The templates for pages within ParameciumDB were customized using many of the ideas taken from the GMODWeb sample sites and, in particular, the layout of the sample gene page. The elegance of the Turnkey-based MVC site was most apparent at this level: customization of ParameciumDB was focused on the template view layer while relatively few changes were required to either the model or controller objects. The bulk of the code produced for ParameciumDB was automatically generated and untouched by the customization process. This freed developers to work on the effective presentation of MOD data rather than low level database access or website rendering code. A single developer, working over a period of a few months, brought ParameciumDB to its first release.

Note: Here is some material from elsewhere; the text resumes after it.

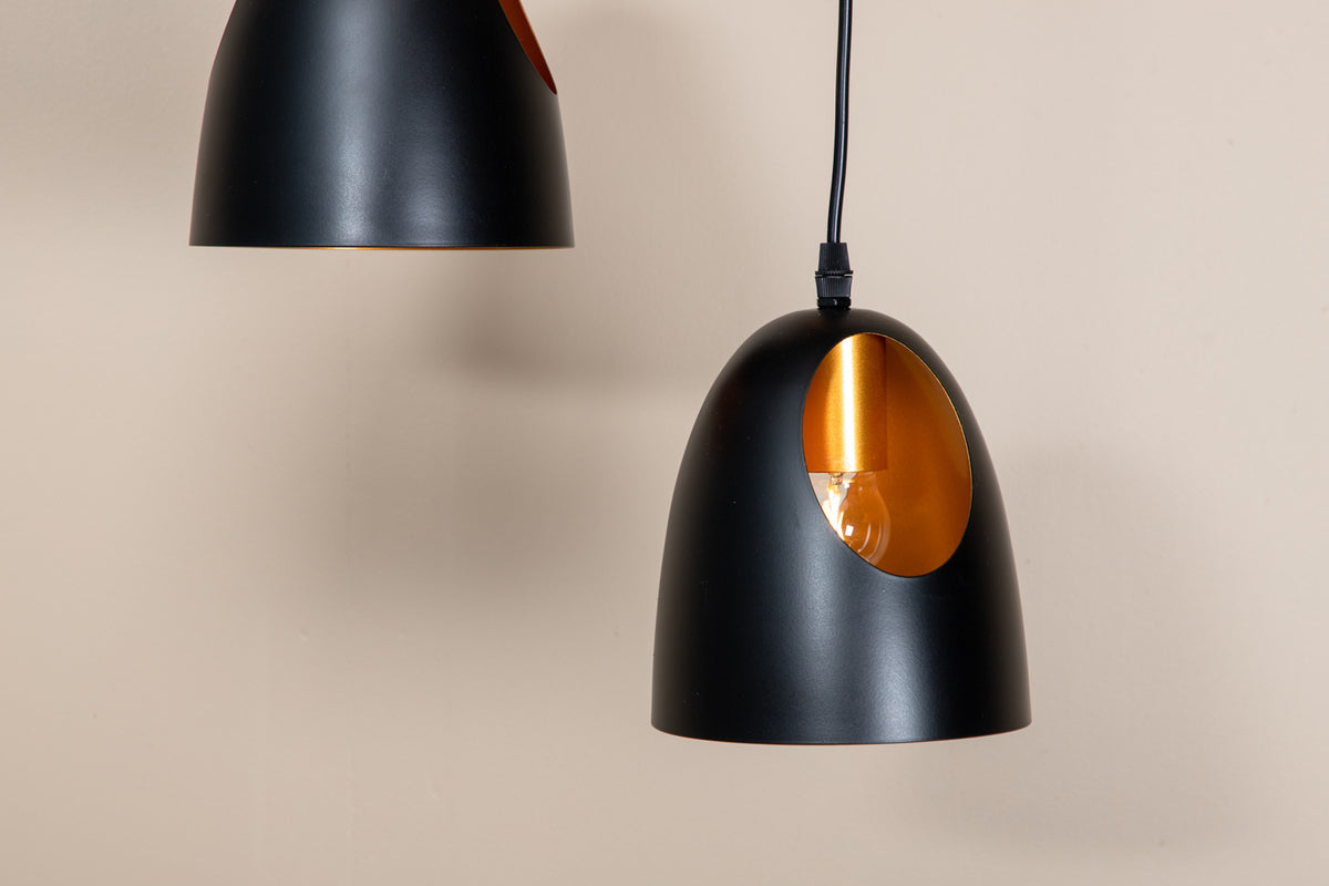 Med Elda taklampa får du ett unikt blickfång som imponerar! Med tre ljuskällor med lampskärmar formade som en kupa och en kopparfärgad insida, tillför den här lampan en varm känsla i rummet. Placera lampan över matbordet, i vardagsrummet eller använd som fönsterlampa och du får inte bara belysning utan också en tuff inredningsdetalj på köpet.
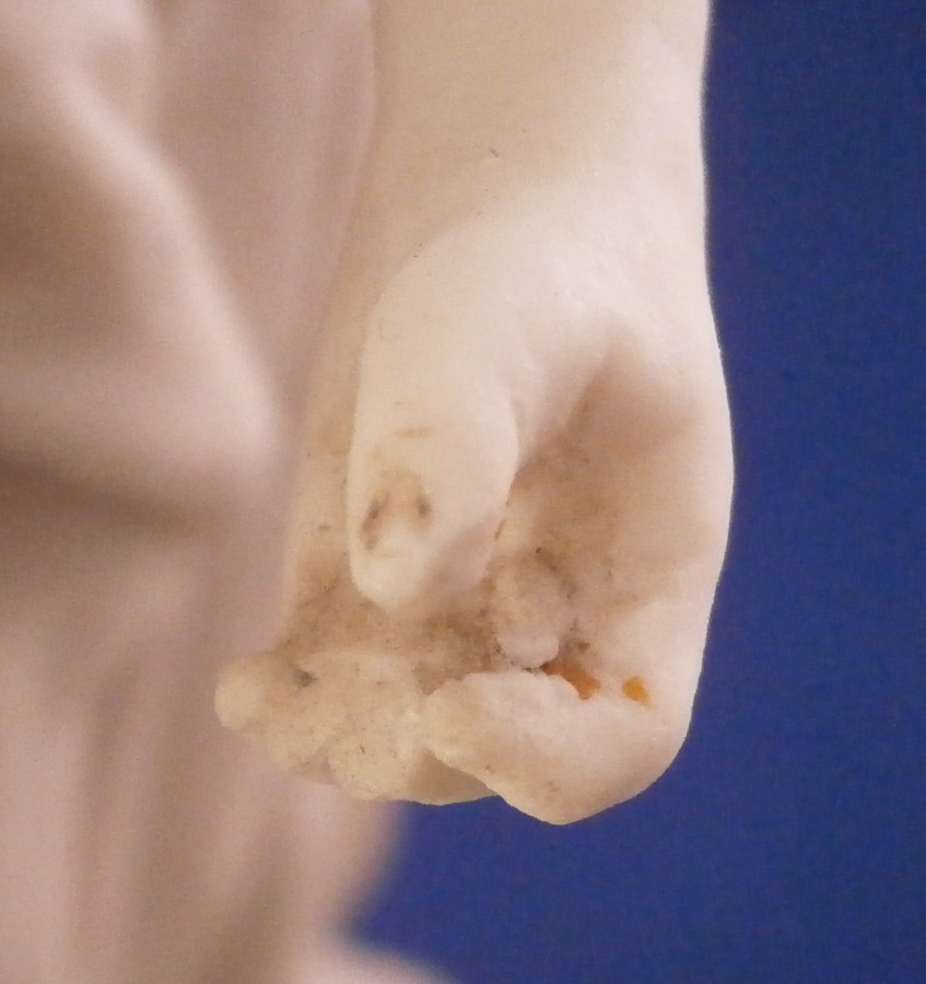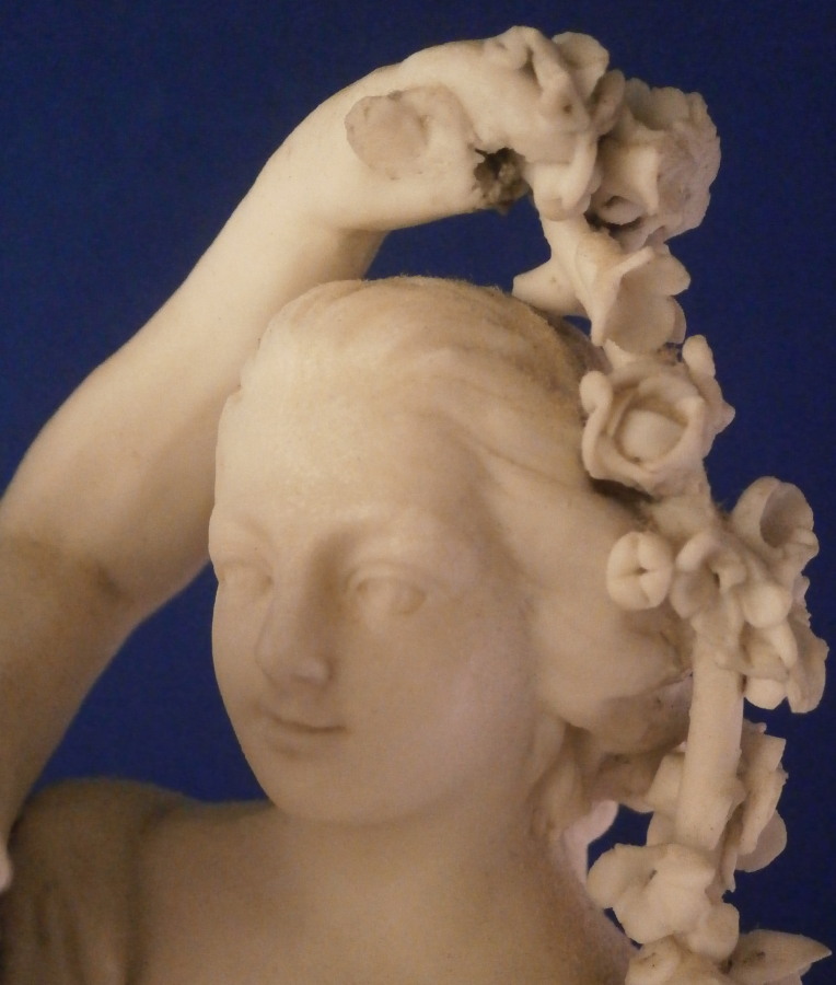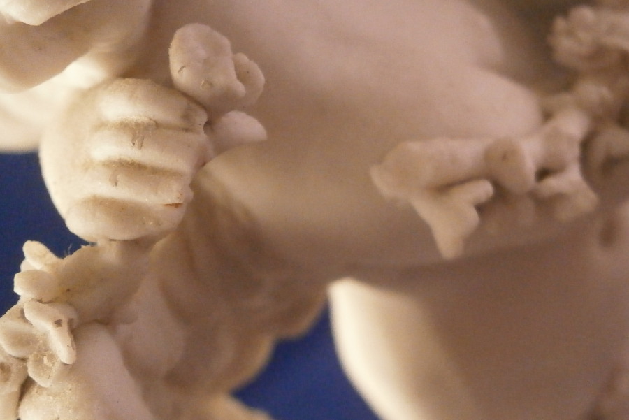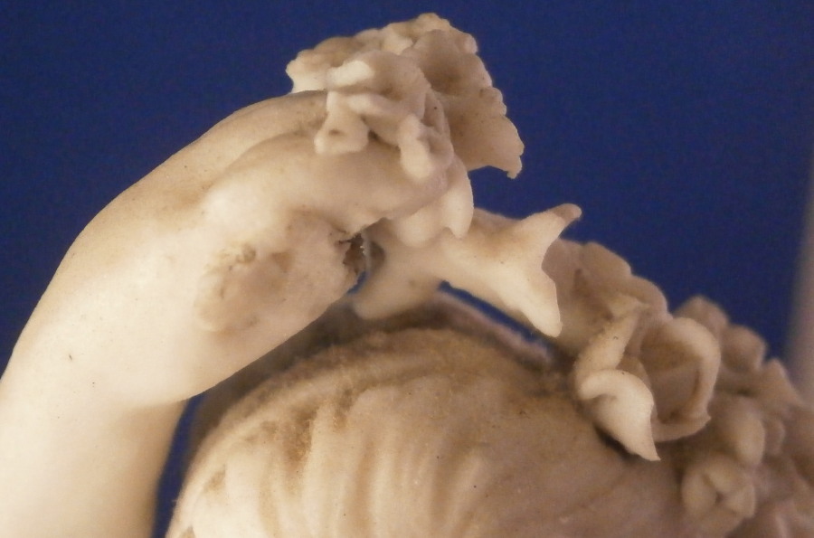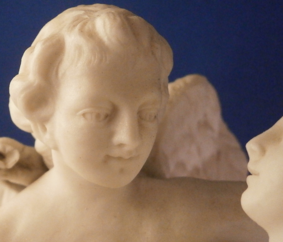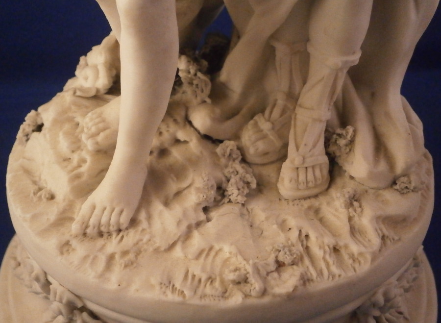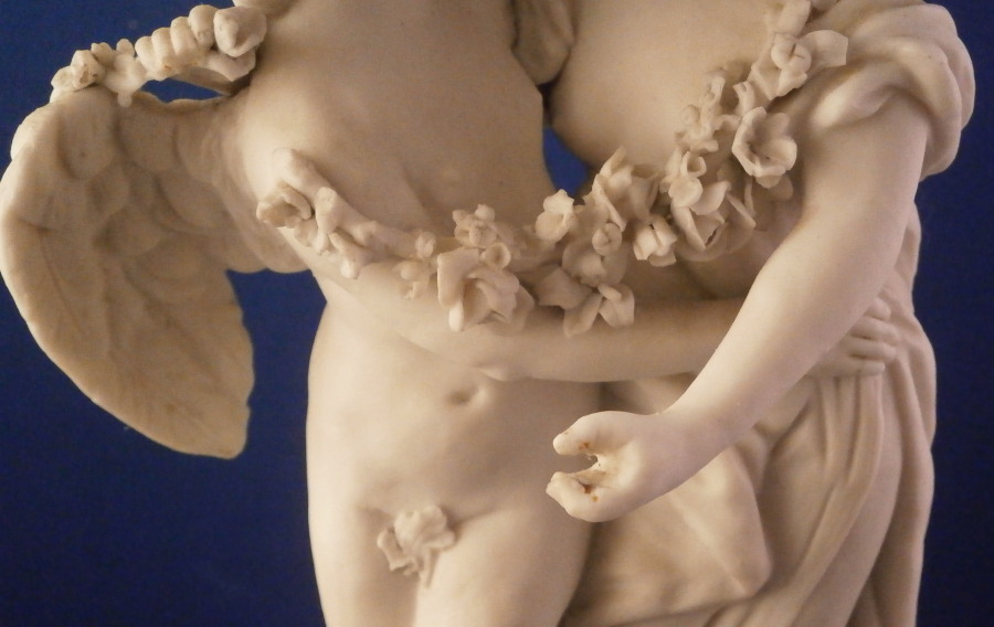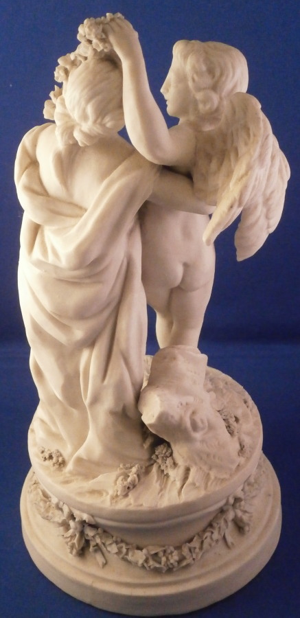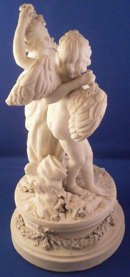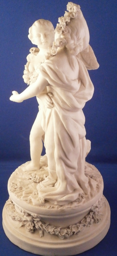 This is a biscuit / unglazed type of porcelain figurine made by Mennecy in the 18th century. It is a figurine of Amor / Cupid with a lady - either Zephyr or Flora - not sure. I have not been able to find this exact model but the pieces with this base are attributed to Jean-Baptiste Mo . A nice sized piece that is larger than any I ahve owned by them before. Modeled suprbly with lots of detail and the unglazed nature meants the details are crisper than in the glazed versions. The cupid figure has one hand on the lady's side with his other holding a floral garland over her head. Her hand is around his neck holding up the other end of the garland and her other hand is in the front possibly having held something small at some point. A leaf is discreetly placed over his mid section and she is wearing a flowing dress and fancy sandals. Nice base with lots of detail to is and some flowers and greenery. The sides have swags of leafand berry garlands held up by bows. A really nice addition. A stunning looking figurine that is in amazing condition given the fragile nature of it. There is a small piece of the floral garland missing near her hand, some chips to the rest of the garland but looks great. Two fingers in her front hand are very slightly chipped. Not sure if she ever held anything in them but that is possible. A couple of chips to the loops of the bows around the base and the leaf garland as well but nothing that takes away from the piece. No restoration or major damage. Even his wings are intact which amazed me. As nice a piece as you will find! The figurine is marked underneath - twice - once it came out a little sloppy I guess so they did it again. It is the not often seen script DV monogram as shown. The piece is 10 inches tall and the base has a diameter of 5.25 inches. Quite heavy for its size! Please email me for more information or other pictures.

The speed with which ParameciumDB was constructed with very limited development resources was a direct result of the many hours spent creating the Turnkey framework and the GMODWeb examples. This effort included the creation of the auto-generation scripts (Turnkey::Generate) that parsed SQL schema files to create object models that accurately represented the underlying data and relationships, templates that used this information to output a mod_perl-based, MVC website (Turnkey::Render), and sample sites using the Chado schema and integrated with other GMOD tools (GMODWeb). In addition, many hours were spent documenting and packaging the Turnkey code and GMODWeb examples to make them easy to install and use as a basis for new development. At least 250 hours of developer time were used to bring the Turnkey to its current, stable release.

For users of the Turnkey framework and GMODWeb, this translates to approximately 1.5 months of full time developer work saved per project using GMODWeb as a starting point for MOD site creation. This estimate has been supported by developers at the ParameciumDB and other locations, including the Clemson University Genomics Institute (CUGI). CUGI is currently using Chado, Turnkey and GMODWeb to speed the development of The Marine Genomics Project (developed in collaboration with the Marine Genomics Group at the Hollings Marine Lab, a NOAA research facility) and the Fagaceae Genomics Web (NSF-PGRP 0605135) [37,38]. The bioinformatics staff at CUGI often juggle several projects at once. Turnkey, the GMODWeb sample sites, and Chado enabled the group to maintain their workload and develop both sites within a three to four month period with only two staff working part time on both projects. The group was able to dedicate primary focus on template design, data collection and new tool development rather than database and web development. As a result, the group now anticipates that it can develop fully functional, manageable GMODWeb and Chado-based websites for its clients and research endeavors in just a few short months, saving money and time (Stephen Ficklin, personal communication). Maintenance of these sites is similarly streamlined since the underlying database can change with a corresponding update to the websites happening in a largely automated fashion while still preserving all customizations.

Community resources

Turnkey and GMODWeb are both available as source code files from the Turnkey project website and as pre-compiled packages for various Linux distributions from the Biopackages repository for bioinformatics software [19,39]. They are distributed under the GNU public license [40]. All dependencies are provided using the Red Hat Package Manager (RPM) and integration with other programs, such as GBrowse, is accomplished using this same package management system [41]. When a MOD installs GMODWeb via RPMs, a pre-configured GBrowse, Blast server, Textpresso, and other applications are installed and configured to work within GMODWeb immediately. Table 1 shows the software dependencies for GMODWeb, all of which are available either from specific Linux distributions or through Biopackages.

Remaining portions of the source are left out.